EXERCISE DATA:
- - - -

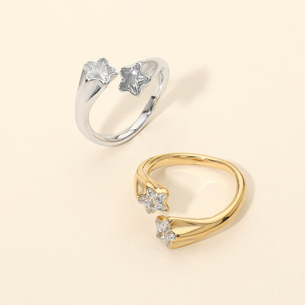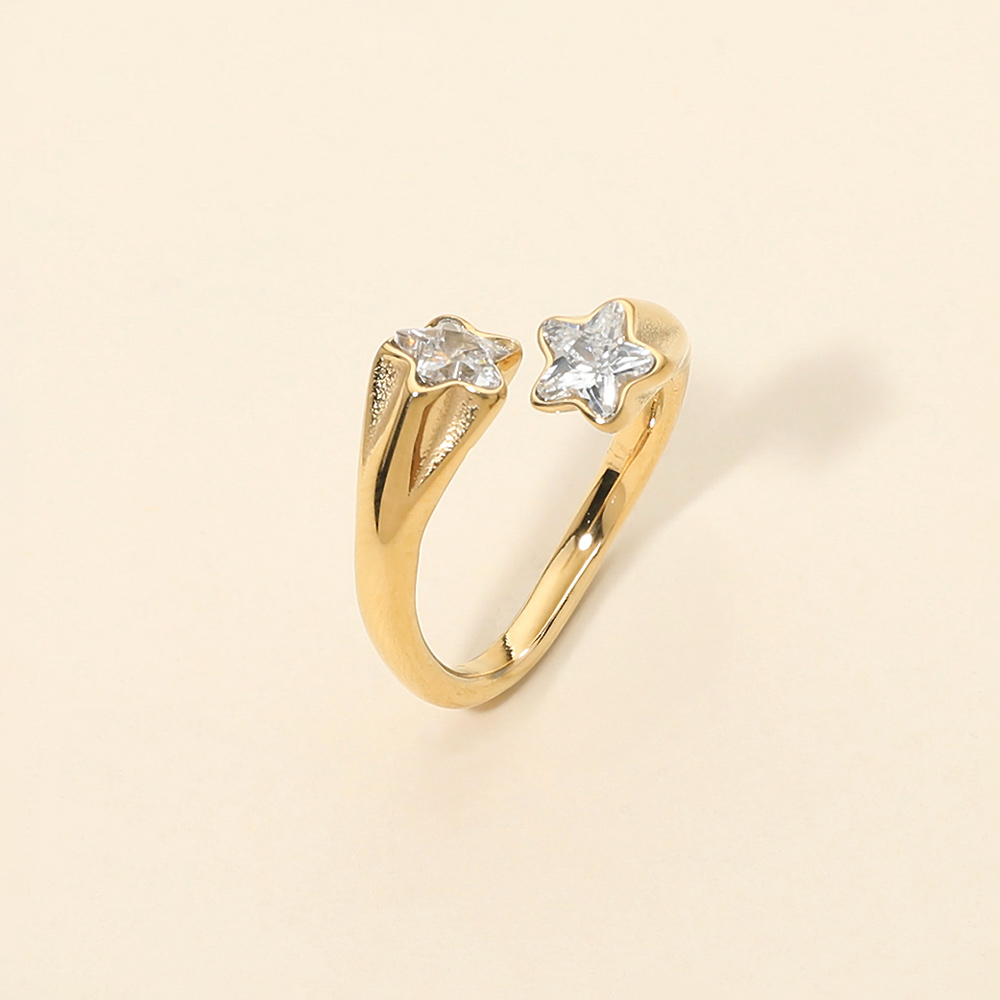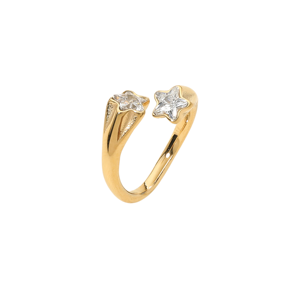 Details • Size : 0.5" H • Adjustable • Water Resistant • Stylish open ring featuring two star-shaped accents for a modern celestial look. The adjustable open band offers a comfortable fit while adding subtle sparkle and dimension. A versatile fashion ring perfect for everyday wear, gifting, and boutique collections inspired by star and cosmic jewelry trends. • Hypoallergenic • Stainless Steel
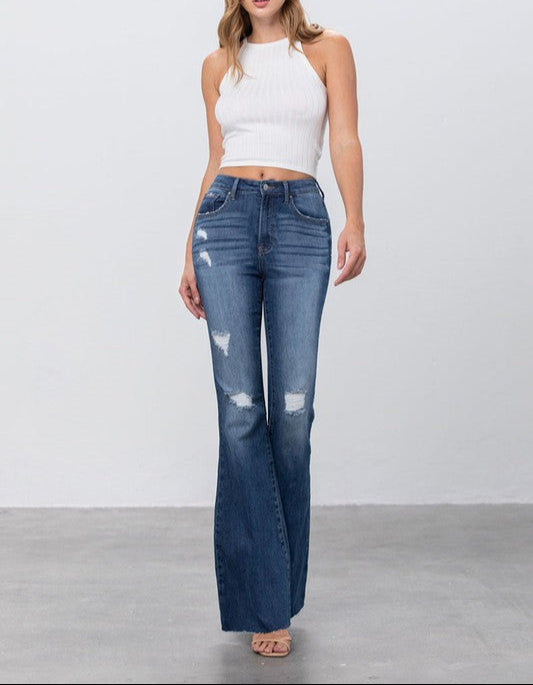 These dark wash flare jeans are the perfect blend of comfort and style. Designed with a mid-rise waist and wide flare silhouette, they create a flattering, elongated look. Crafted from a soft stretch blend, they move with you while keeping their shape. Finished with subtle distressed details and a classic button fly, they’re a versatile pick for casual wear.
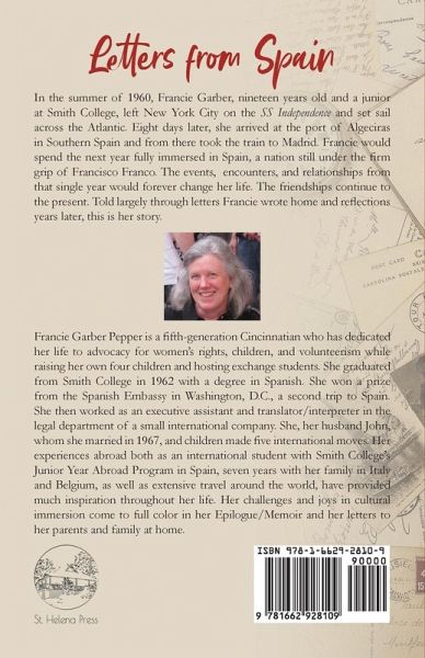 Francie Garber Pepper is a fifth-generation Cincinnatian who has dedicated her life to advocacy for women's rights, children, and volunteerism while raising her own four children and hosting exchange students. She graduated from Smith College in 1962 with a degree in Spanish. She won a prize from the Spanish Embassy in Washington, D.C., a second trip to Spain. She then worked as an executive assistant and translator/interpreter in the legal department of a small international company. She, her husband John, whom she married in 1967, and children made five international moves. Her experiences abroad both as an international student with Smith College's Junior Year Abroad Program in Spain, seven years with her family in Italy and Belgium, as well as extensive travel around the world, have provided much inspiration throughout her life. Her challenges and joys in cultural immersion come to full color in her Epilogue/Memoir and her letters to her parents and family at home.

- - - -

TASK TO CARRY OUT: Everything in the listing above is to be given again exactly, apart from the pictures.

PROBLEM SOLUTION:
 Details • Size : 0.5" H • Adjustable • Water Resistant • Stylish open ring featuring two star-shaped accents for a modern celestial look. The adjustable open band offers a comfortable fit while adding subtle sparkle and dimension. A versatile fashion ring perfect for everyday wear, gifting, and boutique collections inspired by star and cosmic jewelry trends. • Hypoallergenic • Stainless Steel
 These dark wash flare jeans are the perfect blend of comfort and style. Designed with a mid-rise waist and wide flare silhouette, they create a flattering, elongated look. Crafted from a soft stretch blend, they move with you while keeping their shape. Finished with subtle distressed details and a classic button fly, they’re a versatile pick for casual wear.
 Francie Garber Pepper is a fifth-generation Cincinnatian who has dedicated her life to advocacy for women's rights, children, and volunteerism while raising her own four children and hosting exchange students. She graduated from Smith College in 1962 with a degree in Spanish. She won a prize from the Spanish Embassy in Washington, D.C., a second trip to Spain. She then worked as an executive assistant and translator/interpreter in the legal department of a small international company. She, her husband John, whom she married in 1967, and children made five international moves. Her experiences abroad both as an international student with Smith College's Junior Year Abroad Program in Spain, seven years with her family in Italy and Belgium, as well as extensive travel around the world, have provided much inspiration throughout her life. Her challenges and joys in cultural immersion come to full color in her Epilogue/Memoir and her letters to her parents and family at home.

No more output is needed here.